Could you please advise, whats wrong?


(Andrew Cholakian) #2

I'm not sure why the json options are working, but using the processor does.

For example:

filebeat.inputs:
- type: tcp
  host: "localhost:7070"
  multiline:
    pattern: '^\{'
    negate: true
    match: after
  fields:
    tag: mp_eai
  processors:
    - decode_json_fields:
        fields: ["message"]

and running head multi.json | nc localhost 7070 where multi.json includes your sample data.


(Ilia Matveikin) #3

Hi Andrew, Thanks for reply.

Actually, I`m wondering why the message fields have been merged.
Btw, now I cant reproduce the issue.

Could you please confirm that config I`ve shown will merge multiline, eg.:

{
		"@timestamp":"2018-07-18T17:15:04.269+04:00",
		"@version":"1",
		"message":"127.0.0.1 - - [2018-07-18T17:15:04.269+04:00] \"GET /admin/tasks?page=0&size=20&sort=created,desc HTTP/1.0\" 200 21655","method":"GET","protocol":"HTTP/1.0",
		"status_code":200,
		"requested_url":"GET /admin/tasks?page=0&size=20&sort=created,desc HTTP/1.0",
		"requested_uri":"/admin/tasks",
		"remote_host":
		"127.0.0.1",
		"content_length":21655,
		"elapsed_time":92
}

(ruflin) #4

The reasons the processor works and json does is the order of the execution.

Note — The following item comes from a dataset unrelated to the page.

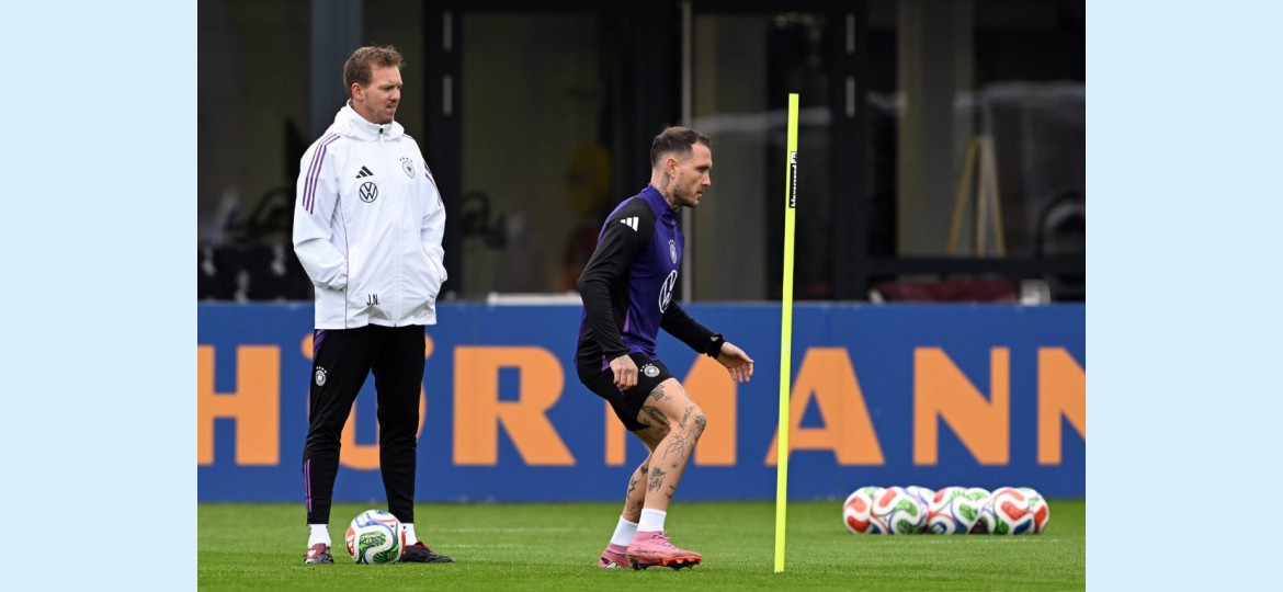 ويفتقد المنتخب الألماني عدداً من نجومه بسبب الإصابات، أبرزهم المدافع أنطونيو روديغر، ولاعب الوسط جمال موسيالا، بينما يعاني الحارس أوليفر باومان من المرض، ما يرجح اعتماد ناغلسمان على مارك أندريه تير شتيغن في حراسة المرمى. كما يواصل المدرب الاعتماد على الثنائي فلوريان فيرتز ونيك فولتيماد في الخط الأمامي رغم ابتعادهما عن كامل الجاهزية.

Multiline is applied after the json decoder and is part of the reader / harvester. All the processors are only applied after the data has been collected by the harvester so they are applied after multiline.


(system) #5

This topic was automatically closed 28 days after the last reply. New replies are no longer allowed.